#### SUPPLIED INFORMATION ####

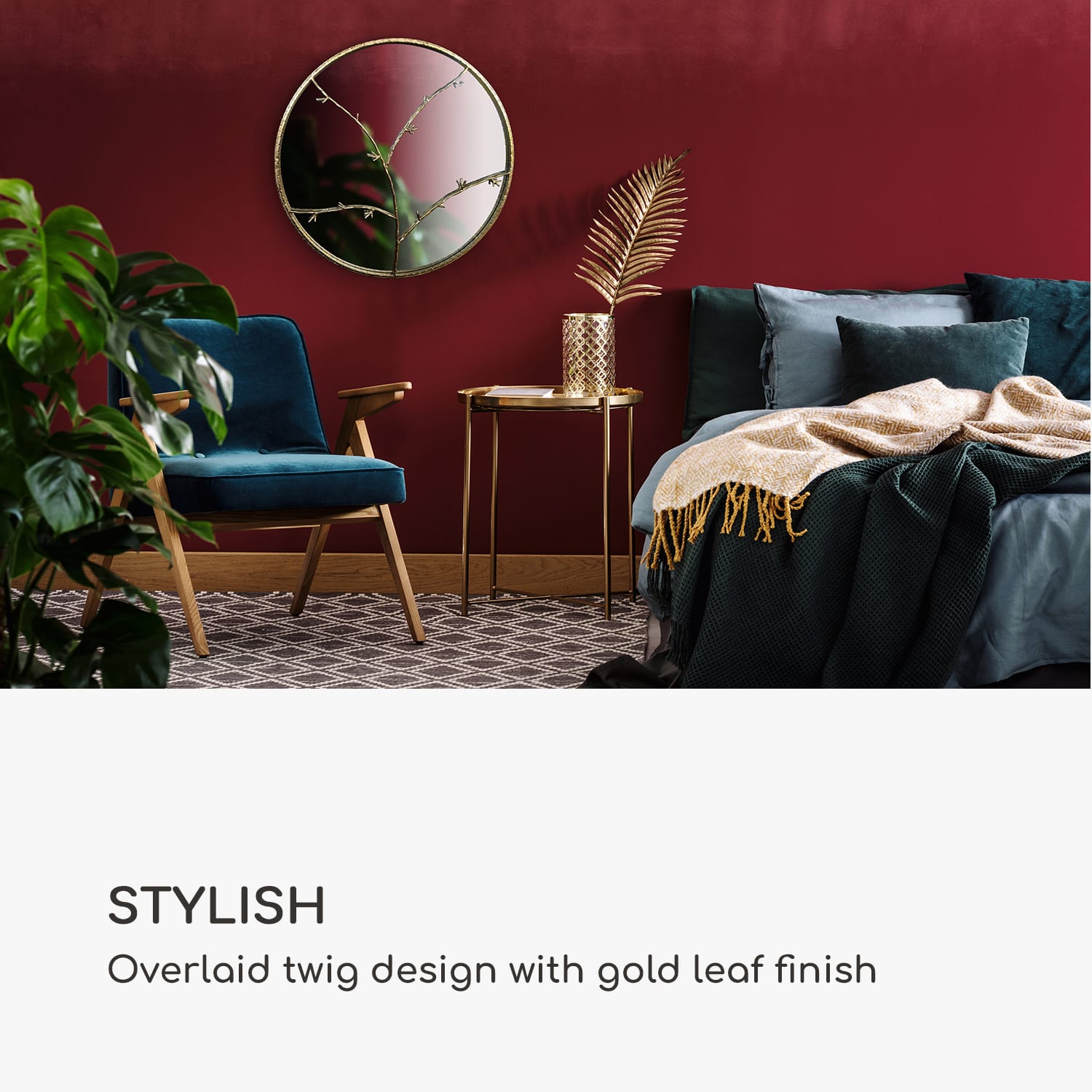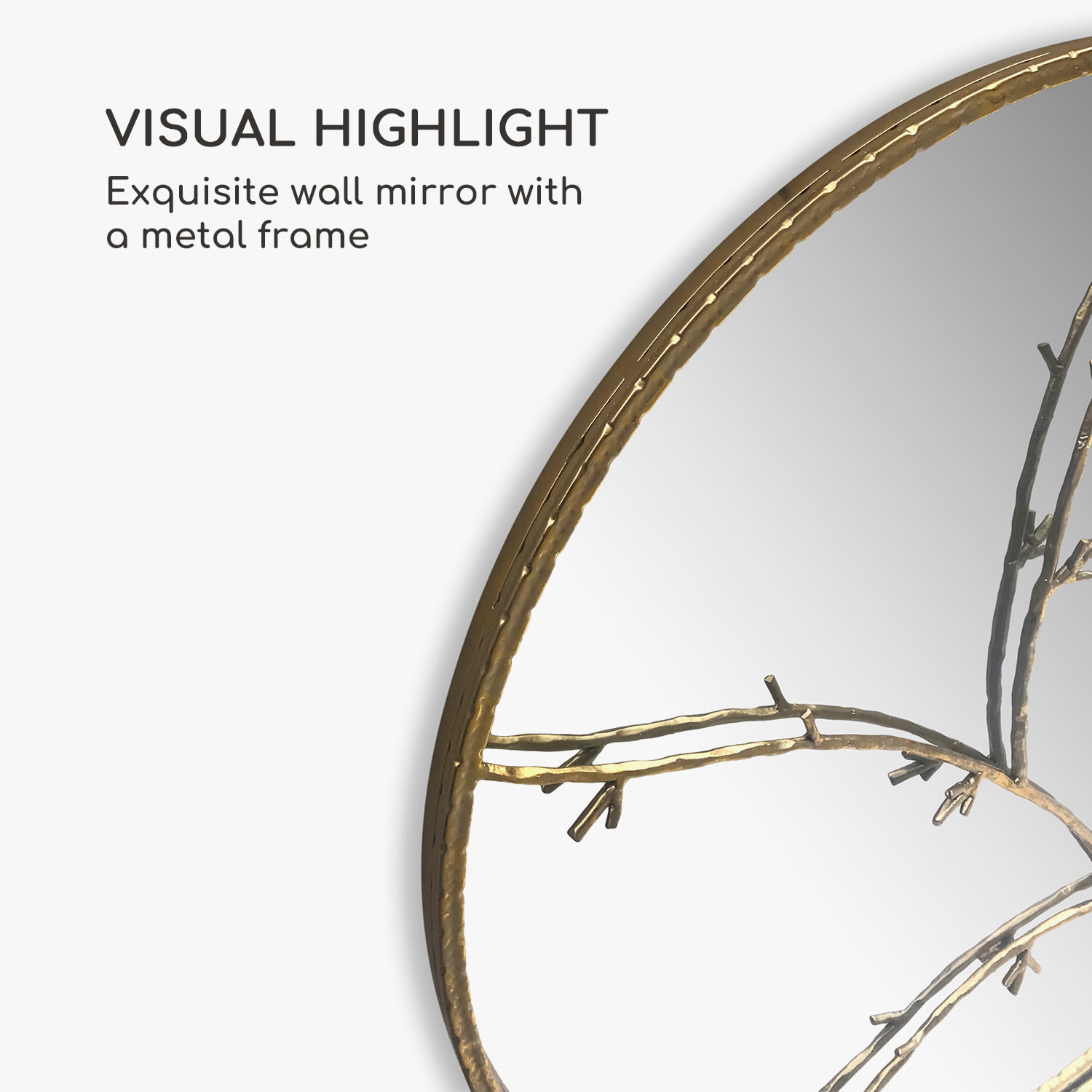 Precízne spracovanie, jemné materiály a extravagantný vzhľad: to je nástenné zrkadlo Berkeley od Casa Chic by blumfeldt.Z kovového rámu vyrastajú na povrchu zrkadla vetvy, ktoré vytvárajú jedinečný vzor. Dizajn vetvičiek s ručne maľovaným zlatým povrchom vytvára výrazný vzhľad, ktorý okamžite upúta pozornosť. Či už zavesené v obývacej izbe, spálni alebo vstupnej hale, zrkadlo Berkeley sa všade postará o atraktívny vzhľad. Okrúhle zrkadlo s akcentom je odolné voči vlhkosti a zakaleniu, takže je vhodné aj na použitie v kúpeľni. < Inšpirované prírodou a vytvarované z kovu - nástenné zrkadlo Berkeley od Casa Chic by blumfeldt - nádherný doplnok do každého interiéru.
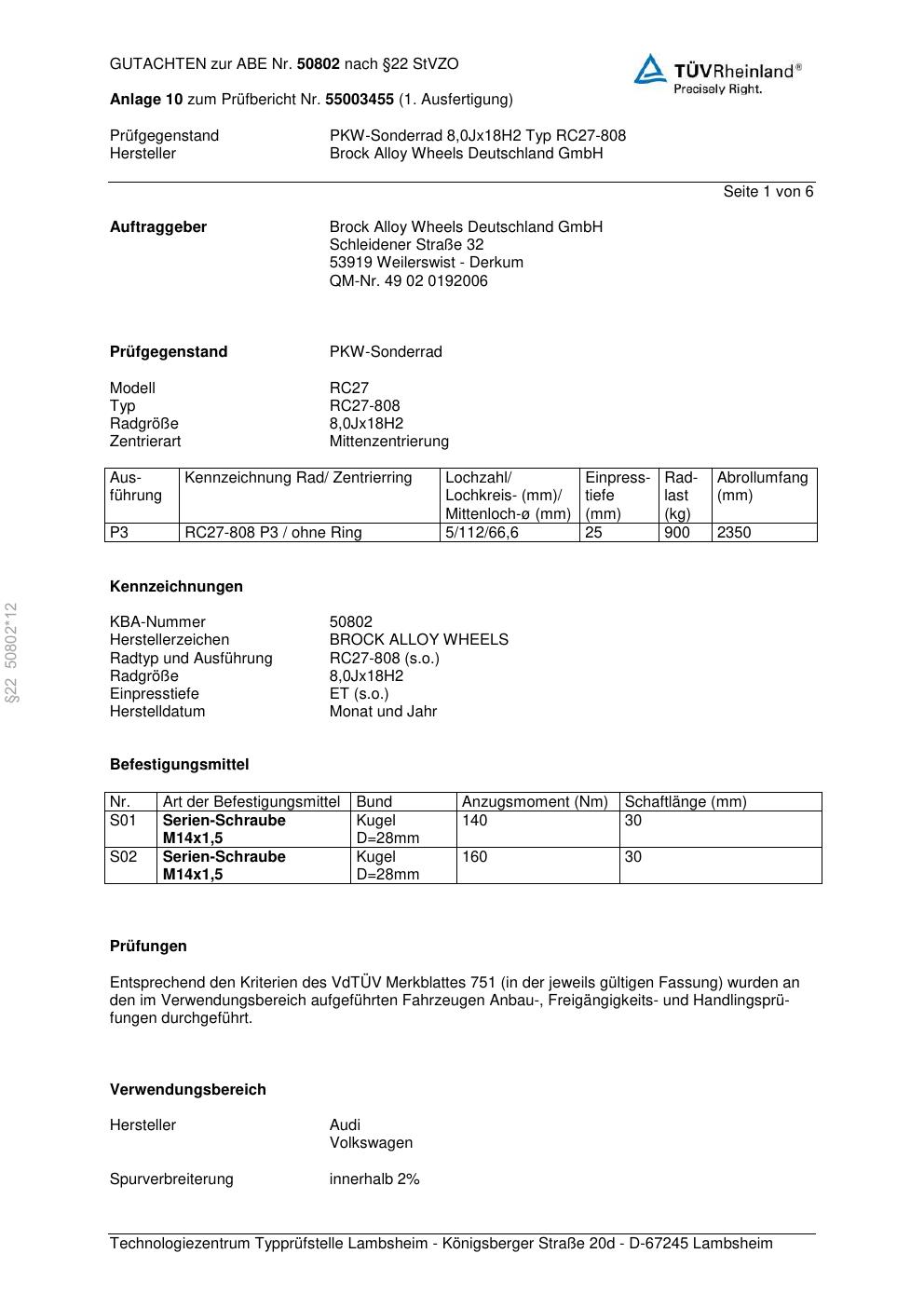 Felgengutachten / abe für Alufelgen Brock RC27-808 (8Jx18 ET 0, Mittenloch 0 mm) mit KBA 50802 (Zertifikatsnummer 50802). Hier kostenlos als PDF herunterladen. Der Download-Link ist 24 Stunden gültig und kann bis zu zwei Mal verwendet werden.
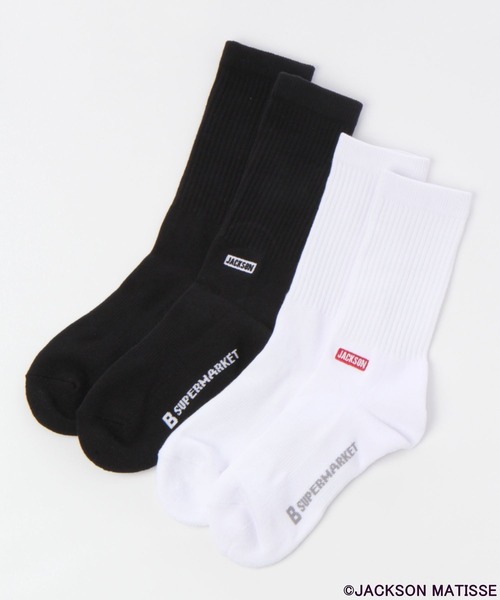 ジャクソンマティスとのコラボライン 『B SUPERMARKET』 ジャクソンマティス×BAYFLOWコラボテーマ『B SUPERMARKET (BAYFLOW SUPERMARKET)』 両ブランドのキーワードであるアメリカをベースに架空のアメリカンスーパーマーケットをイメージ。 日常を彩るデイリーなウェア、雑貨を軸に毎日の生活が楽しく変わる新しいアイテムを提案。 ーーー 半パイルを使用した2Pソックス。 甲部分を包みこみクッション性が高い仕様。 さりげなくくるぶしから覗くロゴ刺繍がアクセント。 ーーー 【JACKSON MATISSE(ジャクソンマティス)】 ブランド名の由来は、2人の天才画家。異端のジャクソン・ポロック(Jackson Pollock)と色彩のアンリ・マティス(Henri Matisse)。同じ年代を生き個々に存在感のある絵画を後世に残した。その2人の天才の異端さ&色彩を取り入れ、ジャクソンマティスの主体となるカルチャーに反映させ、新たな試みにチャレンジしたいと言う理想で、この名前が誕生。ブランドコンセプトはジャクソンマティスのカルチャーである「米国・古着・Surf・Skateboard」に纏わるアイテムに現代のアレンジを加え、肩の張らない日常着を演出すること。 ------------------------------------- ≪お買い物をよりお楽しみいただくために≫ ◆商品のお気に入り登録(ハートマークをクリック) 完売カラーの再入荷通知や、完売間近の通知、セールの通知も受けることができます。 ◆ブランドのお気に入り登録 新商品や再入荷など、いち早くブランドのお得な情報を受け取ることができます。 -------------------------------------
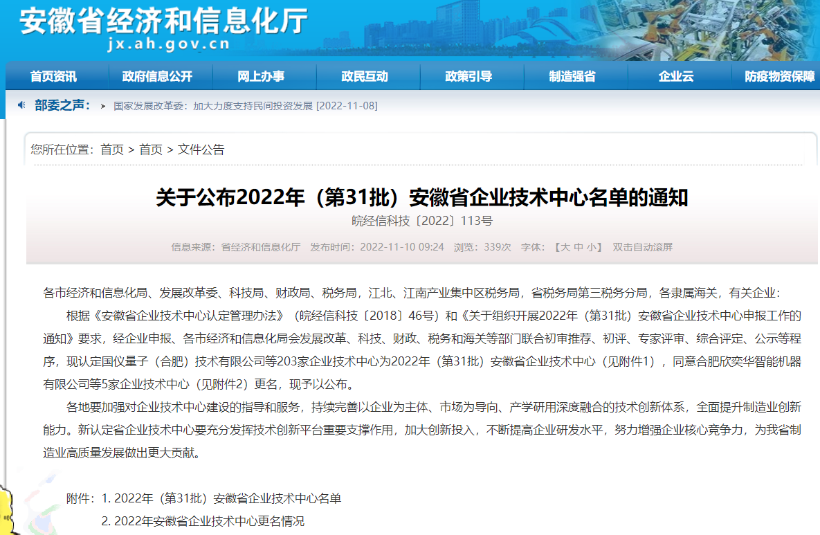 近日,安徽省經(jīng)濟(jì)和信息化廳公布了2022年安徽省企業(yè)技術(shù)中心(第31批)認(rèn)定名單,安徽環(huán)境科技集團(tuán)榮列其中,該榮譽(yù)的獲得彰顯了企業(yè)的綜合競爭實(shí)力以及顯著的技術(shù)創(chuàng)新能力。

####

Repeat the exact lines from the first line of the data through the line containing "Felgengutachten / abe". Nothing else, no pictures.

 Precízne spracovanie, jemné materiály a extravagantný vzhľad: to je nástenné zrkadlo Berkeley od Casa Chic by blumfeldt.Z kovového rámu vyrastajú na povrchu zrkadla vetvy, ktoré vytvárajú jedinečný vzor. Dizajn vetvičiek s ručne maľovaným zlatým povrchom vytvára výrazný vzhľad, ktorý okamžite upúta pozornosť. Či už zavesené v obývacej izbe, spálni alebo vstupnej hale, zrkadlo Berkeley sa všade postará o atraktívny vzhľad. Okrúhle zrkadlo s akcentom je odolné voči vlhkosti a zakaleniu, takže je vhodné aj na použitie v kúpeľni. < Inšpirované prírodou a vytvarované z kovu - nástenné zrkadlo Berkeley od Casa Chic by blumfeldt - nádherný doplnok do každého interiéru.
 Felgengutachten / abe für Alufelgen Brock RC27-808 (8Jx18 ET 0, Mittenloch 0 mm) mit KBA 50802 (Zertifikatsnummer 50802). Hier kostenlos als PDF herunterladen. Der Download-Link ist 24 Stunden gültig und kann bis zu zwei Mal verwendet werden.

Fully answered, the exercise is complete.